Жизнь волшебника Гордеев Александр
Разве можно быть там такими же счастливыми, как у нас? Ну вот чем им там гордиться?
– Не знаю, может быть, они гордятся чем-нибудь своим? Ну а что ещё им остаётся, чтобы не
чувствовать себя совсем несчастными?
– Так вот я и говорю, что если мы в такой стране родились, так, значит, с нас и спрос боольший.
– А зачем тебе нужен этот вес, который придаёт партийность?
Объяснить это оказывается непросто. Конечно же, вес нужен для того, чтобы сделать потом что-
нибудь путное. Вот тут-то Серёга лучше бы объяснил. На заставе было и такое мнение, что служба
– это, в общем-то, потерянное время. Роман, чётко осознавая свои внутренние перемены, с этим
не соглашался, но если свои перемены сравнить с переменами Серёгиной жизни, то тот ушагал
куда дальше. Серёга уже накануне того, чтобы стать нужным специалистом, уж не говоря о том,
что успел даже жениться, то есть, куда основательней укорениться в жизни. Правда, у Серёги
другая беда – у него спиваются родители. Может быть, потому-то в последние полгода его интерес
к делам в родной Пылёвке уже не тот. И всё равно его жизненная позиция куда прочнее. А тут что?

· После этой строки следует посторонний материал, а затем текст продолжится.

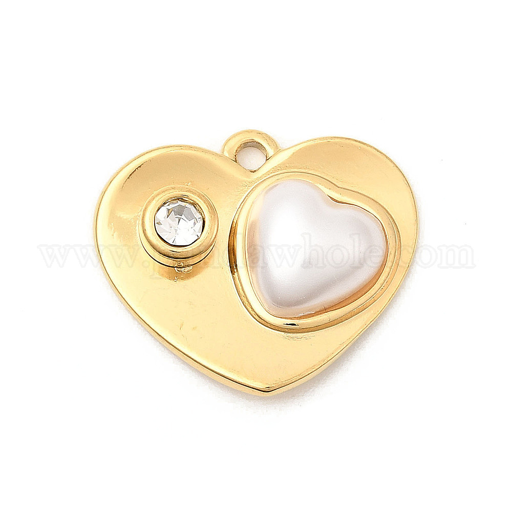 • Настоящее золото 18K 304 из нержавеющей стали горный хрусталь подвески, сердце прелести, с abs имитационными жемчужными бусинами , ионное покрытие (ip), реальный 18 k позолоченный, 18.5x21x5 мм, отверстие : 1.6 мм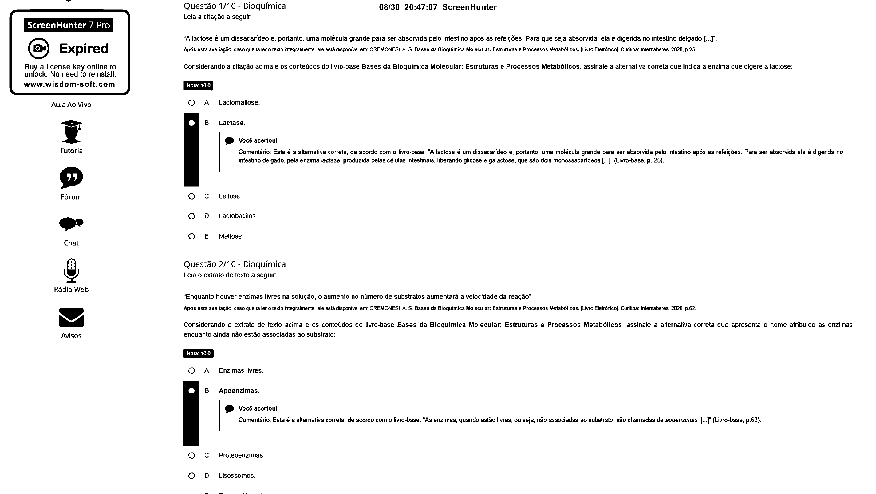 Após esta avaliação, caso queira ler o texto integralmente, ele está disponível em: CREMONESI, A. S. Bases da Bioquímica M olecular: Estruturas e Processos Metabólicos. [Livro Eletrônico]. Curitiba: Intersaberes. 2020. p.149.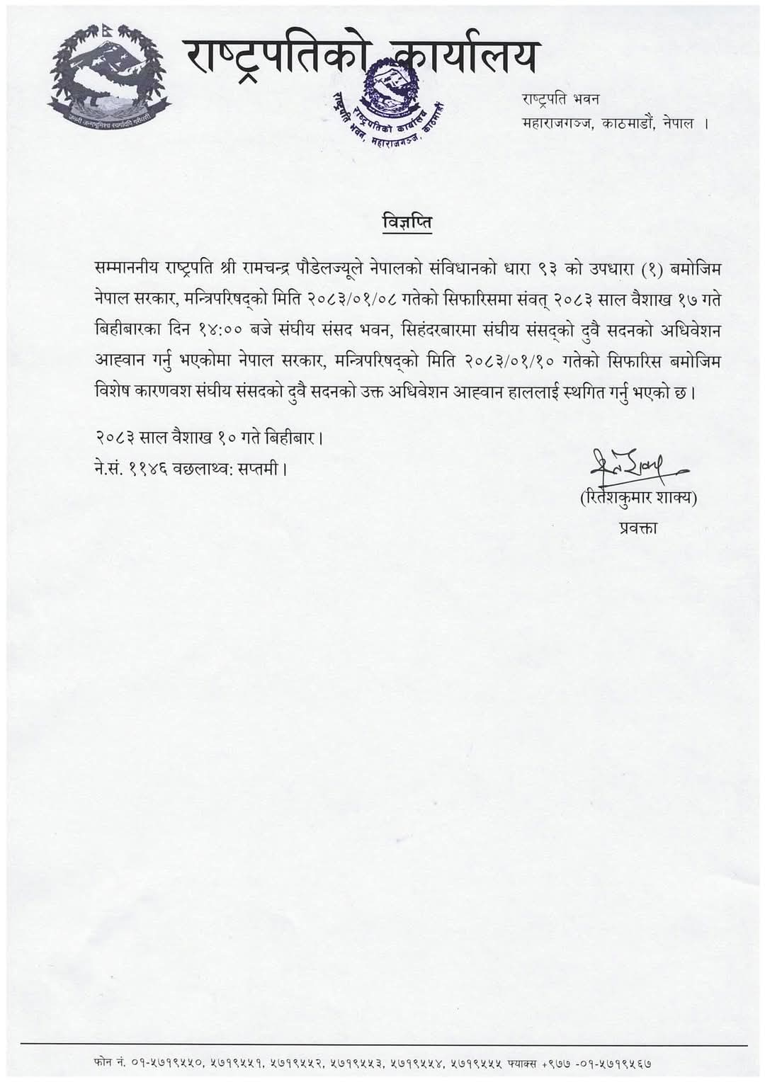 राष्ट्रपति कार्यालयका प्रवक्ता रितेशकुमार शाक्यका अनुसार बिहीबार बसेको मन्त्रिपरिषद् बैठकले संसद बैठक स्थगित गर्न सिफारिस गरेको थियो।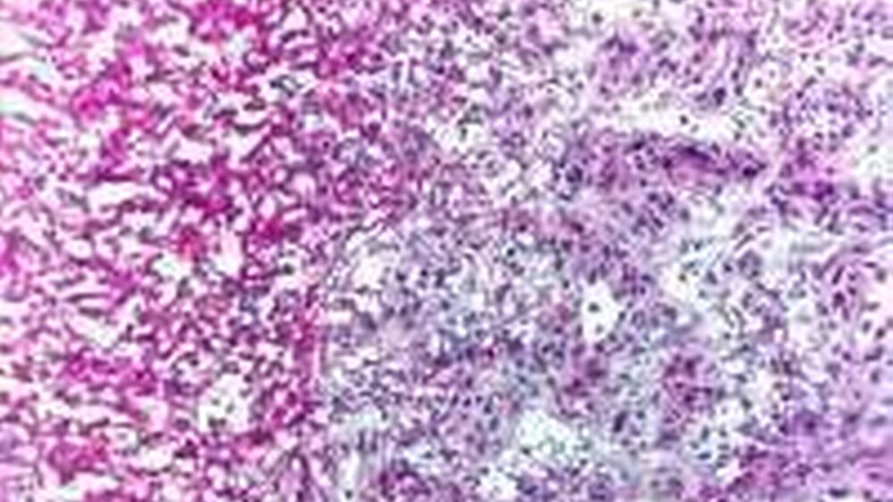 In der Anamnese berichtet der Patient über eine chronisch myeloische Leukämie vor acht Jahren, die sich nach autologer peripherer Blutstammzell-Transplantation in Vollremission befindet. Sieben Monate vor dem aktuellen Ereignis war der Patient an einem klarzelligen Nierenzellkarzinom operiert worden. Vor vier Monaten waren erste Knochenmetastasen im Os sacrum aufgetreten, die mit einer Gesamtdosis von 40 Gy bestrahlt und zusätzlich antiangiogenetisch behandelt wurde. Unter der Verdachtsdiagnose einer Metastase im Unterkiefer erfolgte eine Biopsie des perikoronaren Gewebes, die oberflächlich zunächst lediglich ein entzündliches Infiltrat, in der Tiefe der Läsion schließlich aber den Nachweis einer Metastase des bekannten Nierenzellkarzinoms ergab (Abb. 4).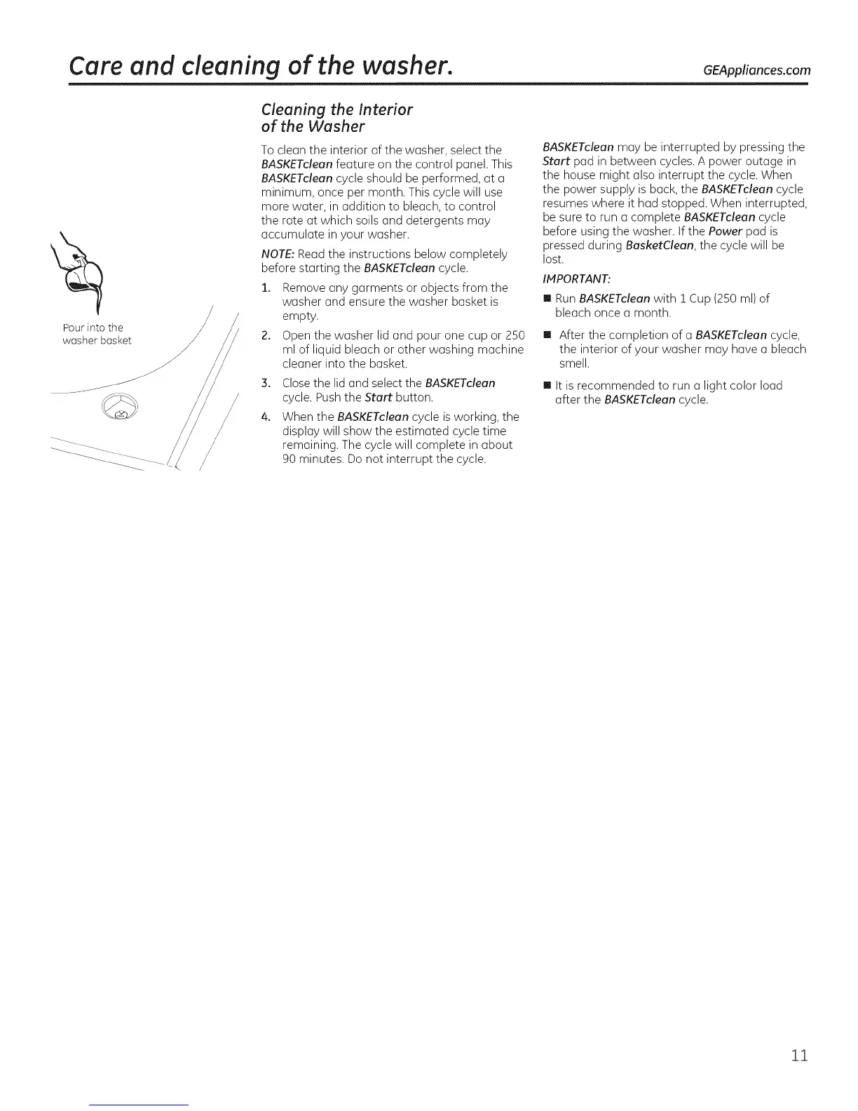 Care and cleaning of the washer. GEAppliances.com

«Кто я? – спрашивает себя Роман, – Да никто. Просто дембель, да и всё. А ведь надо же как-то
действовать, как-то реализовывать себя. Знать бы только как». Стремление есть, но какое-то
«тупое», не отточенное. Ну да ничего – вернётся, осмотрится, а там видно будет, с какого конца
подступиться к своим планам.
– А знаешь, – подумав, говорит Роман, – всё-таки мне лучше, чем другим. Я знаю своё дело. А
другие ведь даже не задумываются об этом. Правда, им моя цель кажется глупой – жить в
деревне, что-то там делать, что-то улучшать. Но ведь всё это так здорово! А ты знаешь главное
дело своей жизни?
– К сожалению, нет, – вздохнув, отвечает Люба. – Ты прав – основной массе людей не до этого.
Я жутко завидую таким, как ты. Хотела бы я знать своё дело, да не знаю.
11
– Но ведь это же принципиальная разница! – с волнением говорит Роман, видя вдруг в ней ещё
и единомышленницу, – главное, что это желание есть. А если оно есть, то решение найдётся.
– Как сказать… Многие люди мучаются этим всю жизнь, да так и не определяются. Знаешь, о
чём я подумала? Вот смотришь старые фильмы, особенно про революцию, про стройки
социализма и видишь: тогда все знали, что делать. Я недавно перечитала «Тихий Дон» Шолохова,
так там и красные знают, что делать, и белые тоже. Правда, главный герой мечется из стороны в
сторону, но ведь его метания тоже вроде как определены – он ищет истину. Нам ещё учительница в
школе сказала, что вся мощь этого романа в том и состоит, что там с разных сторон схлёстываются
такие невероятные силы, что искры летят и кровь рекой. Да нам-то ещё ничего. У нас и стройки
разные есть: БАМ и та же целина. А как, например, в Америке? Там же вообще сон и полный
разброд.
Роман смотрит на неё даже чуть озадаченно. Как она рассуждает! А ведь с Витькой-то она так
не поговорит. Тот совсем другой. Удивительно, что Люба даёт хорошую пищу для размышлений. С
ней можно говорить и говорить. Как точно она заметила, что раньше люди знали свой путь, потому
что находились в едином порыве. А в этом порыве, наверное дышалось, как на свободном ветру –
глубоко и спокойно. Хорошо, наверное, жить в таком времени. Жалко, что он-то «Тихий Дон»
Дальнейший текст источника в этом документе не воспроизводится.